I poliamorosi non sono gelosi?

Non si pensi che le persone poliamorose siano immuni a paure, insicurezze e gelosie, perché così non è, anzi sono spesso lo zoccolo duro con cui si trovano a dover fare i conti pressoché quotidianamente, soprattutto all’inizio del loro percorso di vita e di scelta.

Quello che ammiro nelle persone poli è la loro ostinata volontà di migliorare se stessi ad ogni passo, fermandosi a osservare ogni sentimento ed emozione che pervade loro stessi e i loro partner, al fine di meglio comprendere le ragioni profonde di certi loro vissuti, andando al di là di ciò che è socialmente e storicamente dato per assodato.

Uno sforzo immane.

Le domande che si pongono potrebbero essere immaginate pressappoco così:

“perché provo questa emozione e tu, amor mio, perché provi questa emozione?”

e poi “come possiamo gestire meglio queste nostre emozioni, restando insieme e continuando ad amarci?”.

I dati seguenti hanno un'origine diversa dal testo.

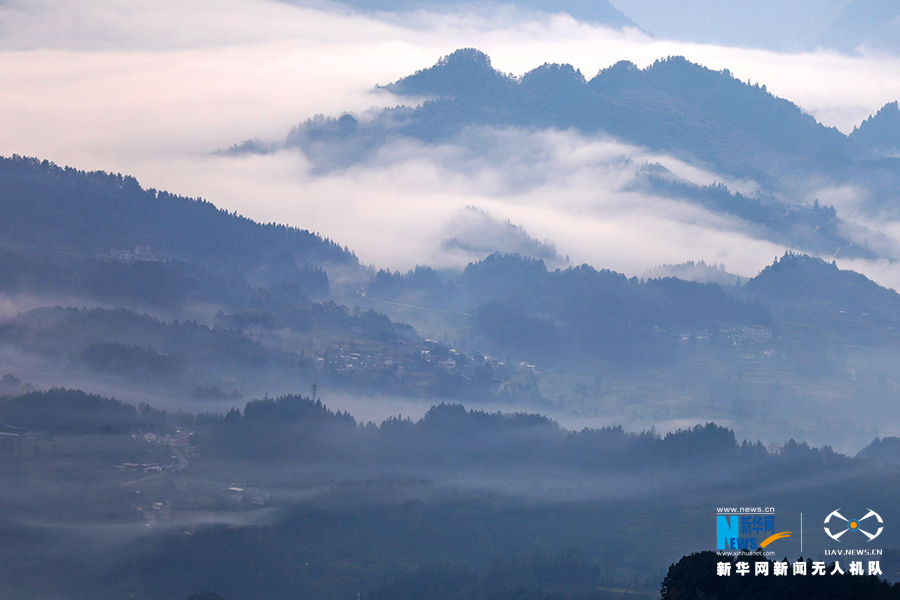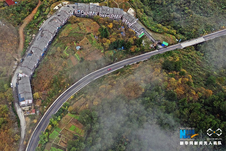 In early winter, the villages of Pengshui Miao-Tujia Autonomous County, southwest China's Chongqing, are shrouded in mist and clouds. Roads, fields, and villages are enveloped in a haze. In recent years, the local authority has vigorously promoted comprehensive improvement of the rural environment and the building of a beautiful countryside. Aerial view of the road next to Yingtao Villag of Runxi Township in the county shows a line of houses facing on to colourful trees on both sides of the road, making a picturesque rural scene. (Xinhuanet/ZhaoYong)

Non si tratta di negare i vissuti emotivi, che si provano e che ci rendono profondamente umani, quanto piuttosto di impegnarsi a meglio gestire le proprie emozioni. Esplorare la rabbia, per utilizzarla in maniera costruttiva, anziché distruttiva. Accogliere la tristezza e darle il tempo di fortificarci. Riconoscere la gelosia e collegarla alle proprie insicurezze. Conoscere le proprie paure e renderle meno spaventose. E così via.

In questi incontri mensili cercano insieme, come Community, di darsi delle risposte e di condividere delle strategie. E il tutto gestito magistralmente dagli admin del gruppo, che si mantengono vigili nell’evitare che emergano atteggiamenti giudicanti.

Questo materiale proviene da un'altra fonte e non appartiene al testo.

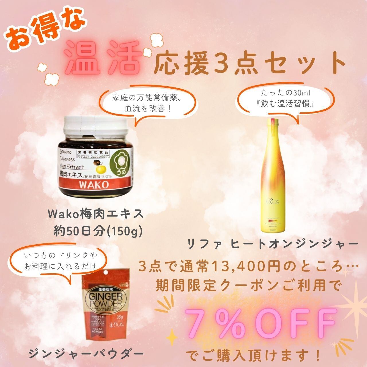 温活セット:梅エキス300g、リファ ヒートオンジンジャー480ml、高知県産しょうがパウダー20g

Cosa s’intende per trasparenza responsabile.

È stato all’interno di questa cornice concettuale che qualche settimana fa hanno iniziato a riecheggiare in me le due parole, che danno il titolo a questo articolo: trasparenza responsabile.

Qualcuno ha portato all’attenzione del gruppo la propria situazione, raccontando di non provare gelosia, ma di essere mess* in difficoltà dalla gelosia dei propri partner.

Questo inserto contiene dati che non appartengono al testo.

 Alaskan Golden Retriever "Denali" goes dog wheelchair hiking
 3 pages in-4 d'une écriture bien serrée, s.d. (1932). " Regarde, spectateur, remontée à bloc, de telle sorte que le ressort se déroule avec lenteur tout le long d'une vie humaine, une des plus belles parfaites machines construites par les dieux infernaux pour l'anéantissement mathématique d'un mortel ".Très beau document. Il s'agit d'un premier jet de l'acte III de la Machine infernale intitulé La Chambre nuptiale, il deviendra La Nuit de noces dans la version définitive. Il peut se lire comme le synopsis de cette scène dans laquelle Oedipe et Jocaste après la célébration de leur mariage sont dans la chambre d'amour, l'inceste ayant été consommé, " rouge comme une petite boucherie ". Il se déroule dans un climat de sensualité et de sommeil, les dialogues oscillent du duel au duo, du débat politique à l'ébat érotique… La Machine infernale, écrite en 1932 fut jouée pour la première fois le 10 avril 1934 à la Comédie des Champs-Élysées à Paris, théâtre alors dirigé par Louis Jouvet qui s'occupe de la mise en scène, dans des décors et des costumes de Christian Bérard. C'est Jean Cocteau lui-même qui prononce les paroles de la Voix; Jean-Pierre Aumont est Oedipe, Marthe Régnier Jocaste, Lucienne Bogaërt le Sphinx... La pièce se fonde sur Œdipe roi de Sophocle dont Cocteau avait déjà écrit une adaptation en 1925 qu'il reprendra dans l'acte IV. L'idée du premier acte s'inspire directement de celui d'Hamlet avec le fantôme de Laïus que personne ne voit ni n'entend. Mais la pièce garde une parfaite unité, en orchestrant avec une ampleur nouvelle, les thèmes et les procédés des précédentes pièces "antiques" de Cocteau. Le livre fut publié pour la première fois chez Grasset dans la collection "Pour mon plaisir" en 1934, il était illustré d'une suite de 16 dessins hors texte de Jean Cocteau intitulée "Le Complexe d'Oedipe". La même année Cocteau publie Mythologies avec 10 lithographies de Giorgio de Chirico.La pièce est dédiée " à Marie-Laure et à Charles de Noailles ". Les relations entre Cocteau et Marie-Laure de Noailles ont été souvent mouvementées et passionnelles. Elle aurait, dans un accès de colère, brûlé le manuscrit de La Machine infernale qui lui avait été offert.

La prima strategia emersa è stata quella di non nascondere nulla, ma di essere completamente trasparenti nei confronti dei partner, raccontando tutto quello che si è fatto e provato in loro assenza.

La dichiarazione di questa trasparenza si è portata dietro una grossa criticità. Attraverso la condivisione dell’esperienza diretta di alcuni è emerso che questa totale trasparenza può mettere in difficoltà l’ascoltatore.

Non tutti sono pronti o così propensi a voler sapere cosa si è fatto o provato con altri partner.

È necessario avere considerazione di chi si ha davanti, di quelli che possono essere i suoi bisogni e limiti. È importante vedere l’altro e riconoscerlo nelle sue risorse, ma anche nelle sue necessità (di misura o magari di tempo).

Qualcuno ha giustamente usato una metafora da palestra, dicendo che non si può caricare un bilanciere da duecento kg su una persona, che è in grado di sopportarne solo ottanta.

Qualcun altro ha usato la metafora della maratona dicendo che, quando si decide di correre insieme a qualcuno, bisogna poi modulare la propria corsa per allinearsi il più possibile al passo dell’altro.

Qualcun altro ancora ha usato l’immagine dei bambini, che hanno bisogno di essere presi per mano e accompagnati nella loro comprensione del mondo, facendomi venire in mente il concetto psicologico di scaffolding, che indica l’impalcatura sulla quale si basa l’apprendimento, ossia quell’accompagnamento non solo tecnico e cognitivo, ma anche emotivo, con cui una figura più esperta guida un’altra meno esperta nell’apprendimento di un nuovo compito.

La conclusione cui sembra essere arrivato il gruppo è che bisogna saper dosare la conoscenza sulla base del proprio interlocutore, rendendosi pienamente disponibili a condividere se stessi ed essere trasparenti, ma nel pieno rispetto delle possibilità e tempistiche altrui.

Il messaggio da dare potrebbe essere riassunto con le seguenti parole: “sono qui per te e sono pront* a condividere con te tutto ciò che vuoi chiedere e sapere, ma farò attenzione passo passo a come starai, perché ti voglio bene e voglio il tuo bene, quindi ti proteggo”.

Ispirata dai contributi del gruppo hanno iniziato a risuonare in me con sempre maggiore chiarezza le parole: trasparenza sì, ma con senso di responsabilità.

Ovvero: ti vedo, ti riconosco, ti proteggo; così ti amo.